Mouse mAbs 8D8 and 9C9 (kindly provided by L. A. Potempa) were used to detect epitopes of nCRP and mCRP, respectively (31).
Immunofluorescent microscopy
Binding of CRP to intracellular compartments.
ECs were seeded onto 0.5% gelatin-coated slides. Following fixation with a 50%/50% mixture (v/v %) of acetone-methanol, cells were incubated for 20 min at room temperature with 10 µg ml1 nCRP, rmCRP or umCRP in Tris-HCl-buffered physiological salt solution (pH 7.4) completed with 1% FCS and 2 mM CaCl2. To screen binding of nCRP and mCRP, mAbs 8D8 and 9C9 were used, respectively. Finally, the cell-bound antibodies were detected with goat anti-mouse (GAM) Ig antibody conjugated to the fluorescent dye Alexa 568 (Molecular Probes, Leiden, The Netherlands), and Hoechst 33342 (Molecular Probes) was used for nuclear counterstaining. Between incubations, cells were washed with Tris-HCl-buffered physiological salt solution (pH 7.4) completed with 2 mM CaCl2. Analysis was performed by fluorescence confocal laser scanning microscopy (Olympus IX 81 + FV500 Scanning-unit).
Membrane binding of CRP.
ECs were grown onto 0.5% gelatin-coated slides and subsequently incubated for 20 min at 4°C with 10 and 100 µg ml1 nCRP, umCRP and rmCRP in Tris-HCl-buffered physiological salt solution (see above). Following the washing step, cells were fixed with acetone-methanol. The extracellularly bound CRP was detected by mAbs 8D8 and 9C9 as described above.

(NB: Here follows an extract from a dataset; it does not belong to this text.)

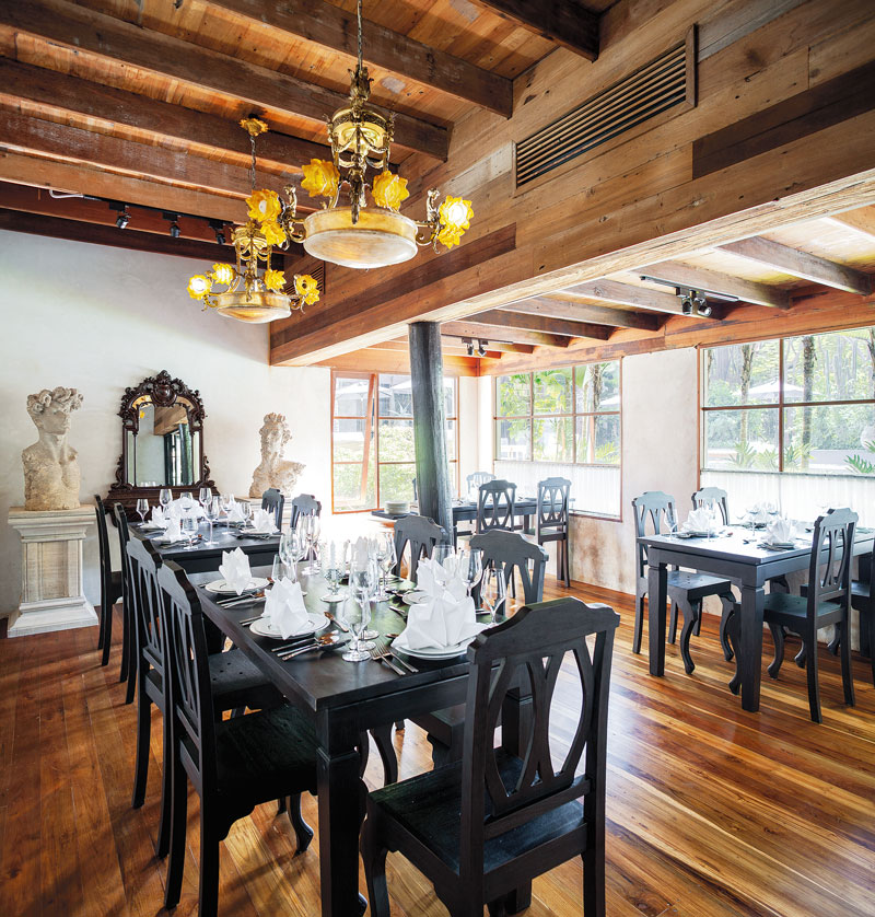 ความรื่นรมย์ยังมีให้ได้สัมผัสไปจนถึงเมนูอาหารไทยและนานาชาติที่ปรุงรสชาติอย่างเข้มข้นจากวัตถุดิบสดใหม่ของชุมชน พร้อมเสิร์ฟกันภายในห้องอาหารที่อุ่นด้วยงานไม้และแชนเดอเลียร์โบราณ หรือจะจัดโต๊ะดินเนอร์สุดแสนโรแมนติกริมสระว่ายน้ำ แม้แต่กลางวันก็ยังมีห้องดื่มน้ำชาบนชั้นสองของเรือนไทยที่มองออกมาชมความสดชื่นของสระว่ายน้ำและท้องฟ้ากว้างได้เพลินตา

Cytotoxicity of CRP isoforms
The cytotoxic effects of CRP isoforms were measured on the basis of DNA staining of cells remaining attached to the plates. Cells were seeded at a density of 10 000 cells per well onto 0.5% gelatin-coated 96-well plates and cultured for 24 or 48 h in M199 medium completed with 2% FCS and growth factors in the presence of a-nCRP, nCRP, rmCRP and umCRP. Then, cells were fixed, permeabilized and labeled for 30 min with SYBR-Green (1/10 000) fluorescent nuclear staining diluted in physiological salt solution supplemented with 1% FCS, 2 mM CaCl2 and 20 mM Tris-HCl (pH 7.4). The plate was read by Fluoroscan Ascent FL (Thermo Electron Co., Waltham, MA, USA) with filters for excitation (485)/emission (538) at 500 ms integration time. Cell numbers were calculated on basis of a calibration curve. To validate plate reader-based measurements, cytotoxicity was also assessed by fluorescence microscopy (Olympus IX81) using automated cell counting (AnalySIS, Soft Imaging System GmbH, Münster, Germany) on the basis of nuclear staining. The two assays highly correlate (Pearson r = 0.993, P <0.0001).

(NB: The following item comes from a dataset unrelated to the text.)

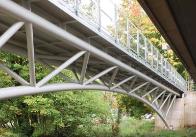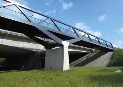 Tekst: Dans le cadre de la rénovation du pont OA318 sur la N12 enjambant l’Attert à Reichlange (Redange-sur-Attert), une nouvelle passerelle cycliste et piétonne est créée à côté de l’ouvrage existant. Cette passerelle métallique a une portée de 36,22 m. La structure portante est un treillis tridimensionnel entièrement soudé d’atelier et constitué de 3 tubes D273 longitudinaux, complétés de diagonales et traverses en tubes D139,7. Le platelage, d’une largeur de 3 m est constitué d’une poutraison longitudinale et transversale en HEA100 et de tôles d’épaisseur 8 mm, le tout entièrement soudé sur la structure portante. La structure portante tubulaire est réalisée en acier S355 tandis que le platelage est réalisé en acier S235JR. L’ensemble de l’ouvrage métallique a un poids de 24 tonnes. Un garde-corps composé de cadres tubulaires avec un remplissage en filet X-Tend, le tout en inox 316, équipe les 2 côtés du platelage. Un revêtement époxy-polyuréthane est appliqué sur l’entièreté de cette surface. La structure métallique a entièrement été assemblée et soudée en atelier, et ce, en 3 temps. La structure a été entièrement sablée, métallisée et peinte, en une pièce, en atelier, suivant le système anti-corrosion ZTV-ING 4-3 (pour une classe de corrosivité C5).

Proliferation assay with Alamar Blue
Cells were seeded at a density of 2000 cells per well onto 0.5% gelatin-coated 96-well plates and were rendered quiescent for 24 h in M199 medium completed with 2% FCS. Next, the cells were washed and incubated in medium supplemented with nCRP or mCRP. Thereafter, the cells were cultured for 24 h, after which 10% v/v Alamar Blue was added (BioSource Europe, S.A., Nivelles, Belgium) to quantify the number of cells per well. The plate was read at 600 and 550 nm. For optimal results, optical density at 600 nm was subtracted from optical density at 550 nm.

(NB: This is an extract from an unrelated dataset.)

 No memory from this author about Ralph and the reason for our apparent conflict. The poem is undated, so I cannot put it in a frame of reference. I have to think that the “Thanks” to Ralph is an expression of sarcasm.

Detection of adhesion molecules by cellular ELISA
Confluent cells on 0.5% gelatin-coated 96-well plates were treated with nCRP, rmCRP and umCRP. Expression of ICAM-1 (CD54), platelet endothelial cell adhesion molecule-1 (PECAM-1) (CD31) and VCAM-1 (CD106) was assessed after 24 h stimulation. Expression of E-selectin (CD62E) was measured after 4 h stimulation. Fixed cells were labeled with mouse mAbs against CD54 (Dako, Glostrup, Denmark), CD31 (MedSystem Diagnostics GmbH, Vienna, Austria), CD106 (BD, PharMingen, Inc., San Diego, CA, USA) and CD62E (PharMingen), followed by a detection step using GAM antibody conjugated to HRP (Dako). Peroxidase activity was detected using o-phenylenediamine dihydrochloride substrate and measured at 492 nm.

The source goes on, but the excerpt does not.